● **Goal of the exercise**: I'd like an exact copy of only the lines from the start of the listing below through the line that holds "Beer Goes in". Please keep the pictures out.

● **Recorded information**:
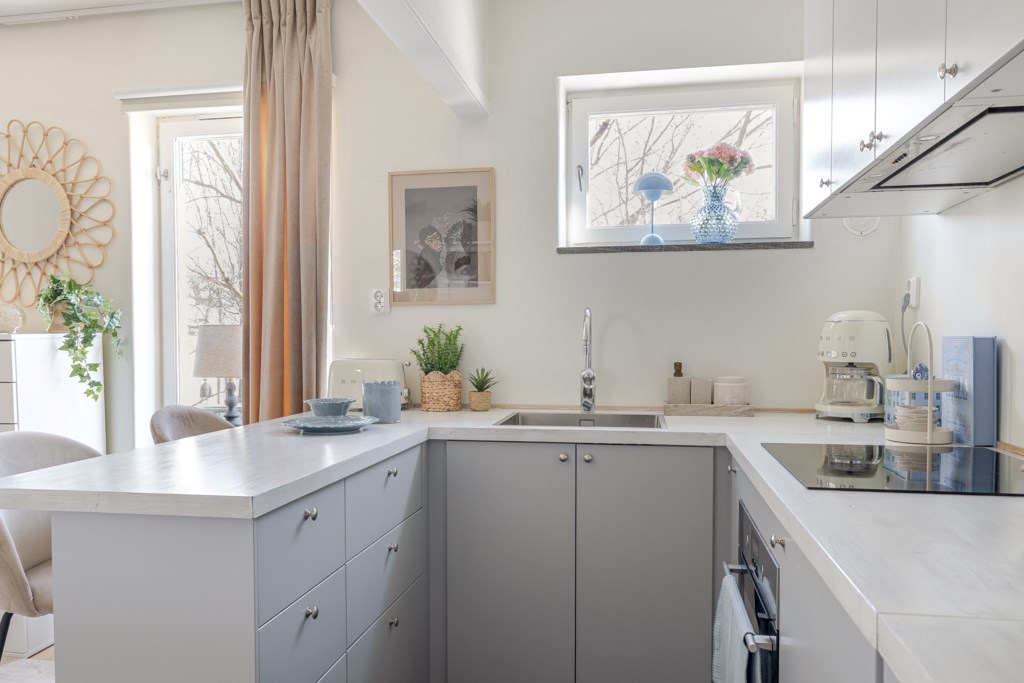 Stilrent och luftigt kök i öppen planlösning mot vardagsrummet vilket skapar en social och trivsam yta. Släta, grå köksluckor kombineras med en ljus bänkskiva som ger ett enhetligt uttryck. Maskinell utrustning i form av kyl/frys, spishäll, fläkt, ugn och diskmaskin. Ljusmålade ytskikt och ljust golv.
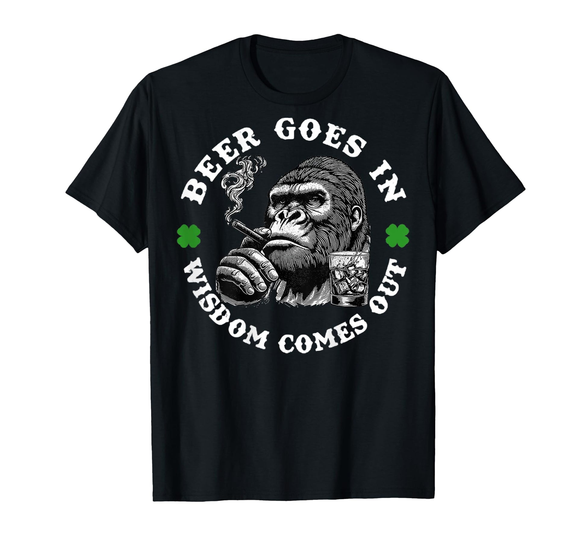 Beer Goes in Wisdom Comes Out Monkey (On Back) T-Shirt
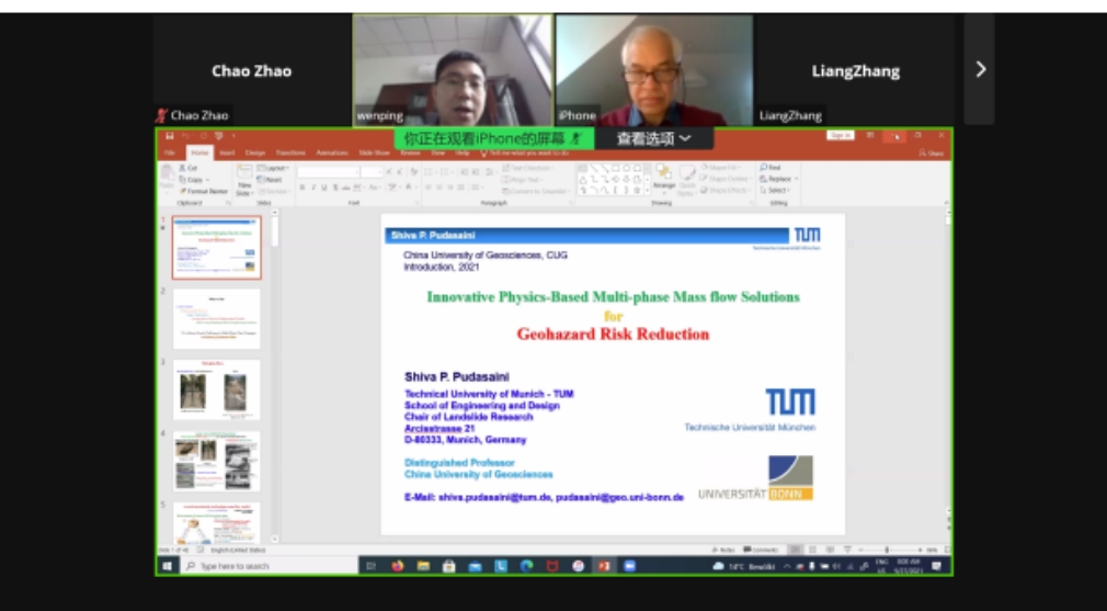 (通讯员:邢磊 赵超)2021年9月27日下午,应“重大地质灾害预测与预防学科”111创新引智基地唐辉明教授和龚文平教授邀请,德国慕尼黑工业大学Shiva P. Pudasaini教授通过Zoom meeting平台为beat365官网师生作线上学术报告。beat365英国官方网站龚文平教授主持报告会,40余名师生在线聆听了此次报告。
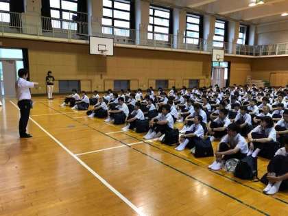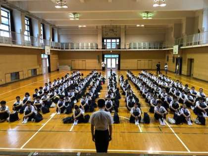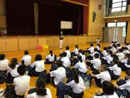 今回の校外学習は各班でタブレットを活用して、各施設での学習の記録を行います。あいにくの天気ですので、雨天時のタブレットの使用についての再確認と学年主任の山口先生から出発前に諸連絡と目標の再確認がなされています。

● **Answer section**:
 Stilrent och luftigt kök i öppen planlösning mot vardagsrummet vilket skapar en social och trivsam yta. Släta, grå köksluckor kombineras med en ljus bänkskiva som ger ett enhetligt uttryck. Maskinell utrustning i form av kyl/frys, spishäll, fläkt, ugn och diskmaskin. Ljusmålade ytskikt och ljust golv.
 Beer Goes in Wisdom Comes Out Monkey (On Back) T-Shirt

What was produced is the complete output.